[WHAT IS EXPECTED]: Give back an exact copy of the listing that follows, without the pictures.

[INPUT DATA]:
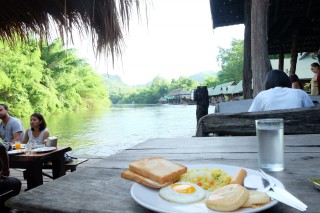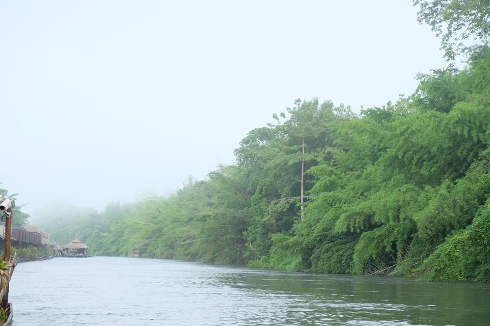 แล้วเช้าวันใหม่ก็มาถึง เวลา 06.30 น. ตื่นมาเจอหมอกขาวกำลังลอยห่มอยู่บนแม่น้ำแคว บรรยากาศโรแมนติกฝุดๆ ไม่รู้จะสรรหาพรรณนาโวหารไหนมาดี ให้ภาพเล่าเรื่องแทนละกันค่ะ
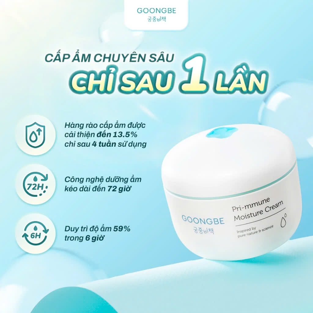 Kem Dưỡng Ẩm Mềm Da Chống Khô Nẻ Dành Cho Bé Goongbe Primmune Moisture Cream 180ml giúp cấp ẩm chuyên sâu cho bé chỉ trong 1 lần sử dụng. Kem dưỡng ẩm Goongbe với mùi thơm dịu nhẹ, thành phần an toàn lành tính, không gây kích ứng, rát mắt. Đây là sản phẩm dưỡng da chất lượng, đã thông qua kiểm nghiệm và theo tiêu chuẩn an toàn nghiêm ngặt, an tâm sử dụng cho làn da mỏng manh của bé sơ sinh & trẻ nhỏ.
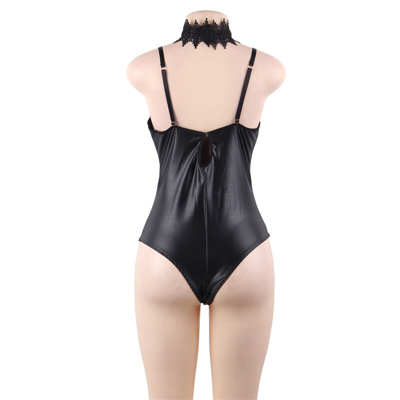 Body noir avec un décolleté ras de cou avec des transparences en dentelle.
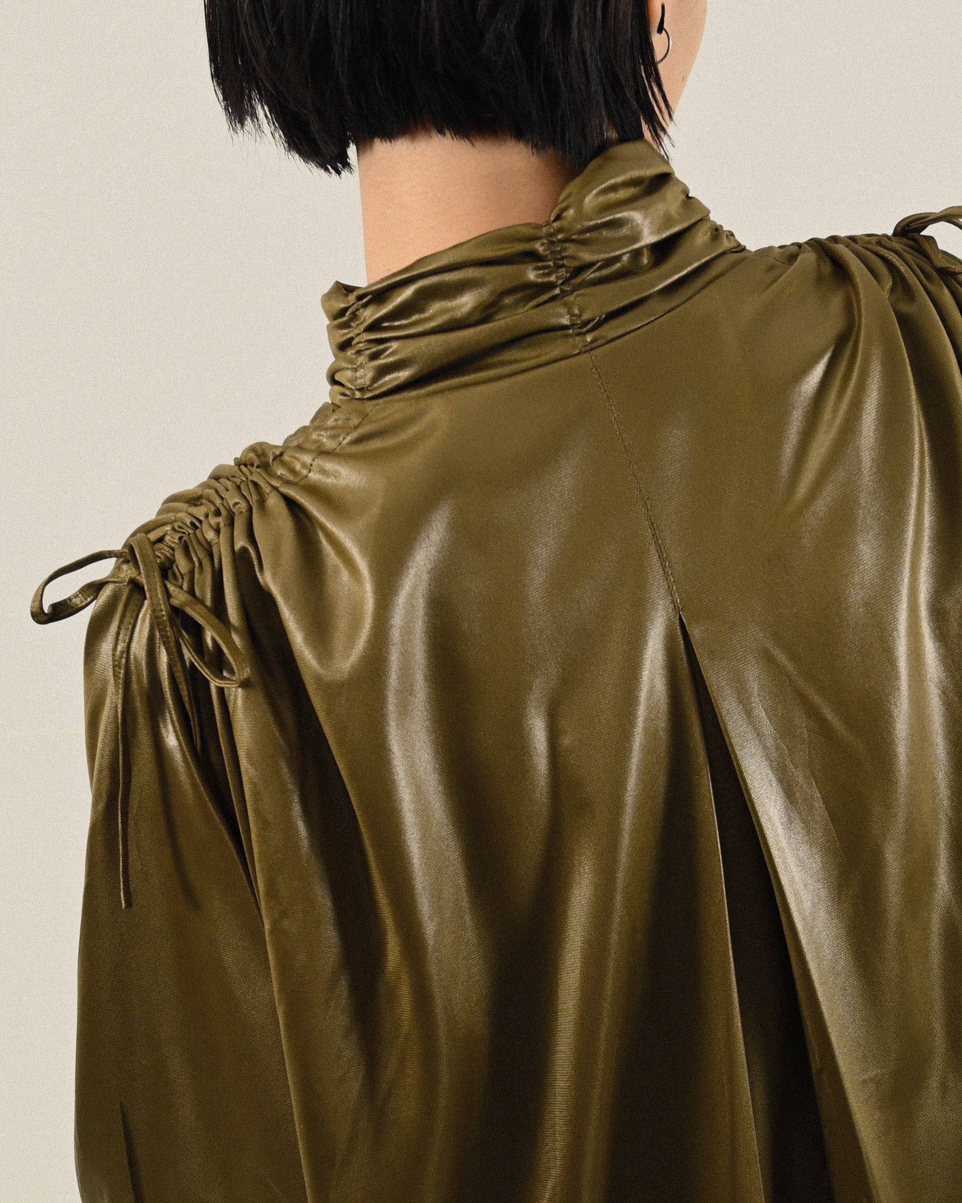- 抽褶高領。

[TASK RESULT]:
 แล้วเช้าวันใหม่ก็มาถึง เวลา 06.30 น. ตื่นมาเจอหมอกขาวกำลังลอยห่มอยู่บนแม่น้ำแคว บรรยากาศโรแมนติกฝุดๆ ไม่รู้จะสรรหาพรรณนาโวหารไหนมาดี ให้ภาพเล่าเรื่องแทนละกันค่ะ
 Kem Dưỡng Ẩm Mềm Da Chống Khô Nẻ Dành Cho Bé Goongbe Primmune Moisture Cream 180ml giúp cấp ẩm chuyên sâu cho bé chỉ trong 1 lần sử dụng. Kem dưỡng ẩm Goongbe với mùi thơm dịu nhẹ, thành phần an toàn lành tính, không gây kích ứng, rát mắt. Đây là sản phẩm dưỡng da chất lượng, đã thông qua kiểm nghiệm và theo tiêu chuẩn an toàn nghiêm ngặt, an tâm sử dụng cho làn da mỏng manh của bé sơ sinh & trẻ nhỏ.
 Body noir avec un décolleté ras de cou avec des transparences en dentelle.
- 抽褶高領。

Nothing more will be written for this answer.